Seed the random number generator with a definitive number so that we can see progress each time it is run.

PRNG (Pseudo Random Number Generators) are very "random" given that the initial value, the seed, is different each time. If the seed is the same number, then it will be deterministic. For example, if the seed function is passed 1 I can expect x, y, and z when the random function is run three times. If I seed it with 1 again, I can be certain that when run three times I will get x, y, and z.

In [5]:
np.random.seed(1)

Initialize the first layer's weights randomly with a mean of 0.

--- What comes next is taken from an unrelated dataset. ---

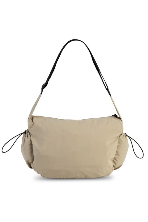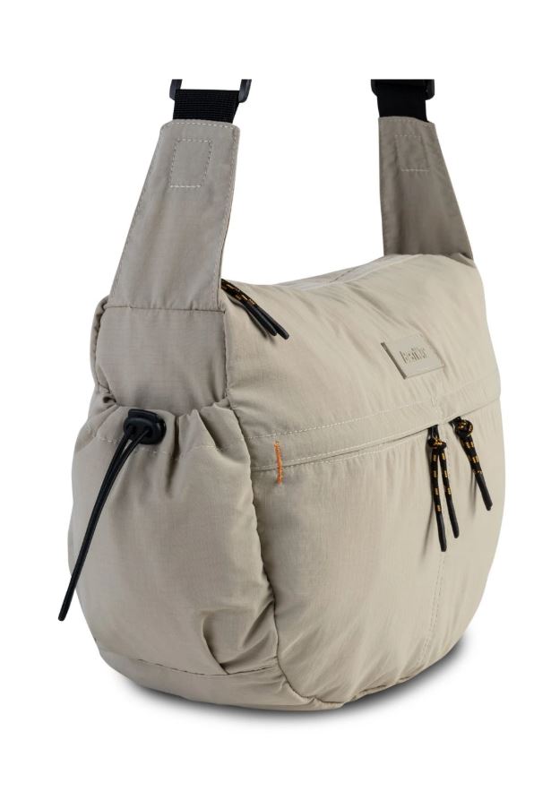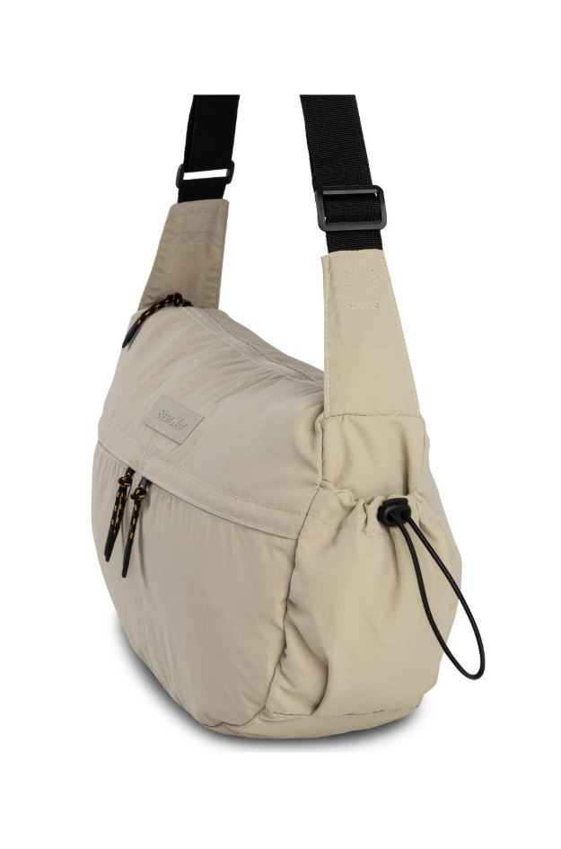 Aan de buitenkant bevinden zich twee zijvakken met trekkoord en twee voorvakken met ritssluiting voor snelle toegang tot belangrijke spullen.Dankzij de verstelbare schouderband draag je de tas comfortabel op jouw manier.

This has a mean of 0 as $E(x)$ is defined as the sum of all possible values multiplied by its probability. Since `np.random.random` yields values between 0 and 1 and all values between them should be equally probable we end up with 0.5 as the expected value. Multiplying that by 2 and subtracting 1 yields $E(x) = 0$.

In [6]:
syn0 = 2 * np.random.random((3, 1)) - 1

The actual training takes place in the for loop.

The first layer (`layer0`) is just the inputs, in this case `x`.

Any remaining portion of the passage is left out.